Supplied material: Begin
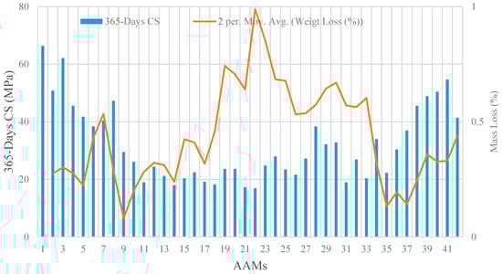 Effects of exposure to sulfuric acid solution on CS and mass loss of AAM mortars.
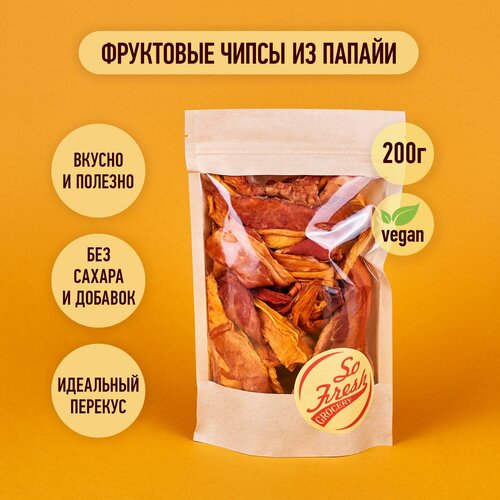 Фруктовые чипсы/ фрипсы/ сухофрукты So Fresh grocery папайя сушеная ломтиками без сахара, Шри-Ланка, 200 г.
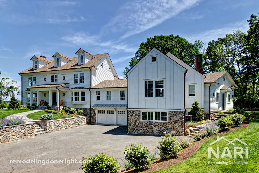 The clients wanted to completely expand, update and renovate their recently purchased home. The completed home consists of approximately 4,800 square feet of living space on three floors, including a finished attic with a guest suite and a dramatic water view of Long Island Sound. The first floor features a traditional living room, dining room, kitchen, breakfast area, game room, mudroom, walk-in pantry, powder room, full bathroom, and a guest bedroom suite. The second floor has three bedrooms, a laundry room, plus a master suite complete with a bedroom, sitting room, master bathroom, and a walk-in closet.
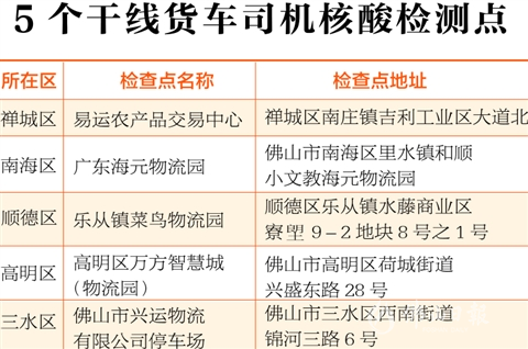 此外,为确保货运车辆正常运行,昨日下午,佛山市新型冠状病毒肺炎疫情防控指挥部办公室交通管控工作专班发布了《关于设立货车司机核酸检测点的通知》,在禅城、南海、顺德、高明、三水全市五区设立5个干线货车司机核酸检测点,从6月2日起,为货车司机提供核酸免费检测服务。
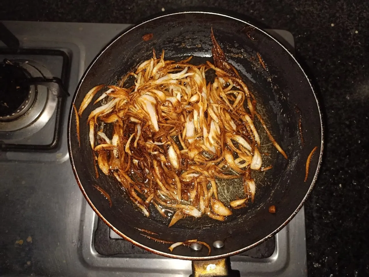 Make sure that onions don't turn black otherwise the taste of #rawan lentils will be bad.
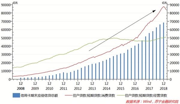 第二,超前消费和借债消费的文化日渐盛行。消费和财富观念的转变,使得超前消费被普通家庭广为接受,借钱渠道增多,又使得超前消费变得唾手可得。然而,超前消费是在透支未来的钱,必然会使当期负债增加,杠杆率上升。央行统计的数据显示,2018年末,银行信用卡待偿余额为6.85万亿元,同比增长23.2%,而2008年末仅为1582亿元,十年内增长了42.3倍。
Supplied material: End
> [Task] Print the listing word for word but skip its pictures.

> [Output]
 Effects of exposure to sulfuric acid solution on CS and mass loss of AAM mortars.
 Фруктовые чипсы/ фрипсы/ сухофрукты So Fresh grocery папайя сушеная ломтиками без сахара, Шри-Ланка, 200 г.
 The clients wanted to completely expand, update and renovate their recently purchased home. The completed home consists of approximately 4,800 square feet of living space on three floors, including a finished attic with a guest suite and a dramatic water view of Long Island Sound. The first floor features a traditional living room, dining room, kitchen, breakfast area, game room, mudroom, walk-in pantry, powder room, full bathroom, and a guest bedroom suite. The second floor has three bedrooms, a laundry room, plus a master suite complete with a bedroom, sitting room, master bathroom, and a walk-in closet.
 此外,为确保货运车辆正常运行,昨日下午,佛山市新型冠状病毒肺炎疫情防控指挥部办公室交通管控工作专班发布了《关于设立货车司机核酸检测点的通知》,在禅城、南海、顺德、高明、三水全市五区设立5个干线货车司机核酸检测点,从6月2日起,为货车司机提供核酸免费检测服务。
 Make sure that onions don't turn black otherwise the taste of #rawan lentils will be bad.
 第二,超前消费和借债消费的文化日渐盛行。消费和财富观念的转变,使得超前消费被普通家庭广为接受,借钱渠道增多,又使得超前消费变得唾手可得。然而,超前消费是在透支未来的钱,必然会使当期负债增加,杠杆率上升。央行统计的数据显示,2018年末,银行信用卡待偿余额为6.85万亿元,同比增长23.2%,而2008年末仅为1582亿元,十年内增长了42.3倍。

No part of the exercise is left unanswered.